Journal of Clinical Oncology, Vol 10, 422-427, Copyright © 1992 by American Society of Clinical Oncology
Acquired von Willebrand disease in Wilms' tumor patients
MJ Coppes, SW Zandvoort, CR Sparling, AO Poon, S Weitzman and VS Blanchette
Department of Paediatrics, Hospital for Sick Children, Toronto, Canada.

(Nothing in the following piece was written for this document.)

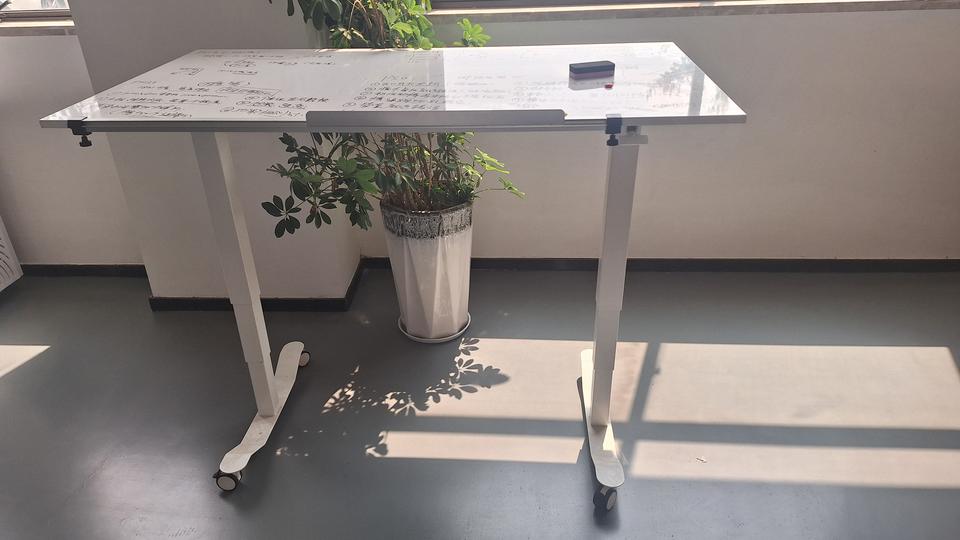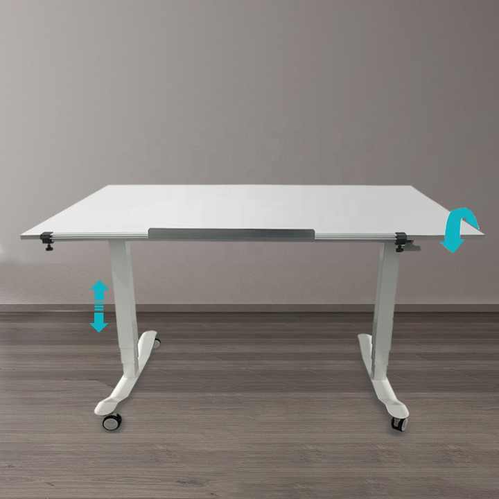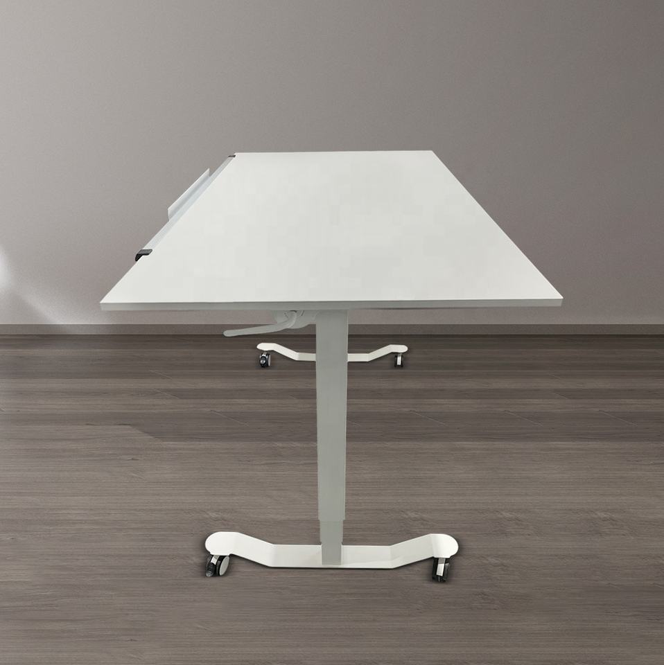 Table de bureau pliante ergonomique à deux pieds, design moderne, cadre en fer pneumatique, hauteur réglable 72-113 cm – Offre Spéciale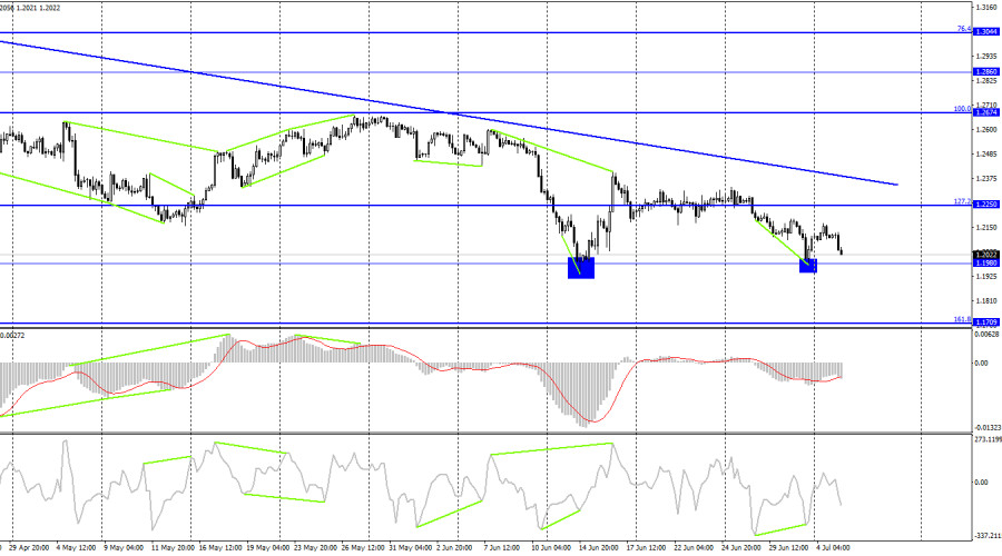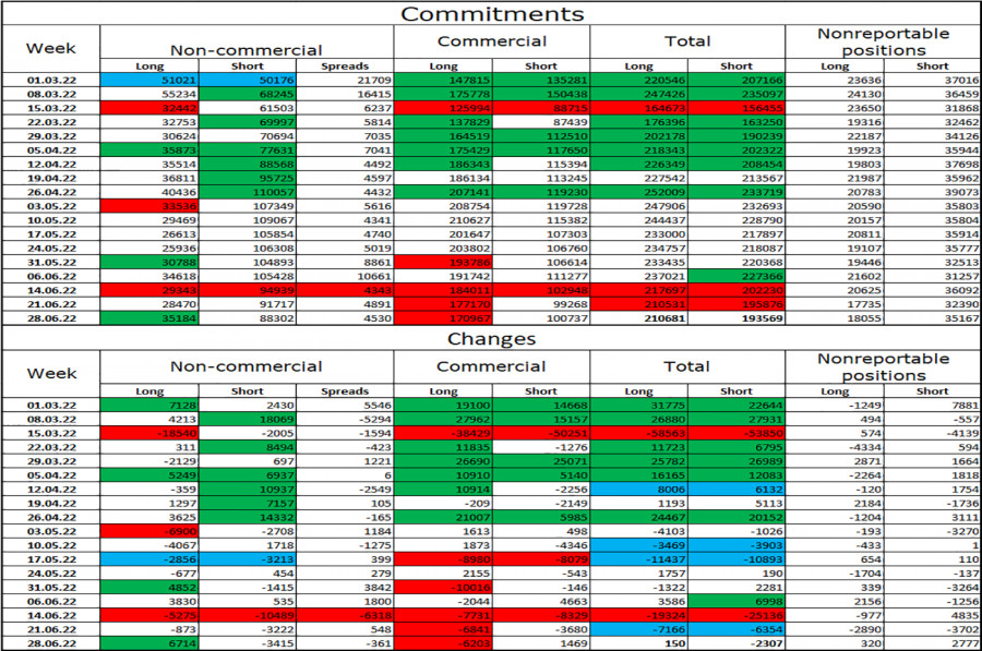 Добрый день, уважаемые трейдеры! На часовом графике пара GBP/USD в понедельник выполнила рост к уровню коррекции 523,6% - 1,2146, отбой от него и разворот в пользу американской валюты. А уже сегодня началось сильное падение в направлении уровня 1,1933. Как я уже говорил в обзоре по евро-доллару, индекс деловой активности не мог повлиять на настроение трейдеров настолько, чтобы пара упала за пару часов на 140 пипсов. То же самое справедливо и для фунт-доллара. В Великобритании сегодня тоже вышло финальное значение индекса деловой активности PMI в сфере услуг за июнь, которое тоже оказалось более высоким в сравнении с предварительным значением. Таким образом, доллар и в этом случае должен был падать, а не расти. После понимания этого момента становится очевидно, что европейская и американская статистика не имеют никакого отношения к утреннему обвалу на валютном рынке. Получается, что доллар США резко начал расти на основании совершенно других причин. Каких же? Да самых простых! Взгляните на 4-часовой или дневной графики, и вам сразу станет все понятно. Нисходящий тренд сохраняется уже очень долгое время, за последние недели британец и европеец предприняли попытку преломить этот тренд, но у них опять ничего не вышло. Таким образом, после определенной паузы трейдеры просто возобновили те действия, которые приносили им прибыль в последние месяцы – продажи евро и фунта. Вот и все объяснение. Это получилось довольно неожиданно, я думал, что сильное движение возобновится ближе к концу недели, когда в США выйдут важные отчеты Nonfarm Payrolls и уровень безработицы, но большинство трейдеров решило по-своему. Кстати, вполне возможно, что сейчас мы видим реакцию на будущий отчет по пэйроллам. Не исключено, что этот отчет будет сильным, поэтому покупки доллара довольно логичны в данное время. Но такие действия спекулянтов вряд ли можно было угадать заранее. На 4-часовом графике пара выполнила новый разворот в пользу валюты США и процесс возврата к уровню 1,1980. Отбой котировок от уровня 1,1980 сработает в пользу британской валюты и начала нового роста в направлении уровня коррекции 127,2% - 1,2250. Закрепление курса пары под уровнем 1,1980 повысит вероятность дальнейшего падения в направлении следующего уровня Фибо 161,8% - 1,1709. Назревающих дивергенций сегодня нет ни у одного индикатора. Отчет Commitments of Traders (COT):

PURPOSE: A prospective study was performed to determine the incidence of
acquired von Willebrand disease (vWD) in children with newly diagnosed
Wilms' tumor. PATIENTS AND METHODS: Fifty consecutive children with newly
diagnosed Wilms' tumor were evaluated. Detailed family and bleeding
histories were obtained in all cases. Laboratory evaluation included
measurement of the circulating platelet count, bleeding time (BT), factor
VIII (FVIII) and von Willebrand factor (vWF) levels, and ristocetin
cofactor (RCoF) activity. A vWF multimer analysis was obtained in all cases
in which vWD was suspected. RESULTS: Four of 50 (8%) consecutive children
with a diagnosis of Wilms' tumor were found to have acquired vWD.
Laboratory findings indicated type III vWD in two patients and type I vWD
in the other two. CONCLUSIONS: The incidence of acquired vWD in association
with Wilms' tumor merits further study through a large prospective trial.
Such a trial should include careful family and clinical bleeding histories
plus measurement of a platelet count, BT, coagulant FVIII and vWF levels,
RCoF activity, and vWF multimer analysis. The response to
1-desamino-8-D-arginine vasopressin (DDAVP) should be tested in all
patients with Wilms' tumor and acquired vWD, including patients with a type
III profile, before an invasive procedure is performed. Successful use of
DDAVP may avoid exposure of affected patients to blood products.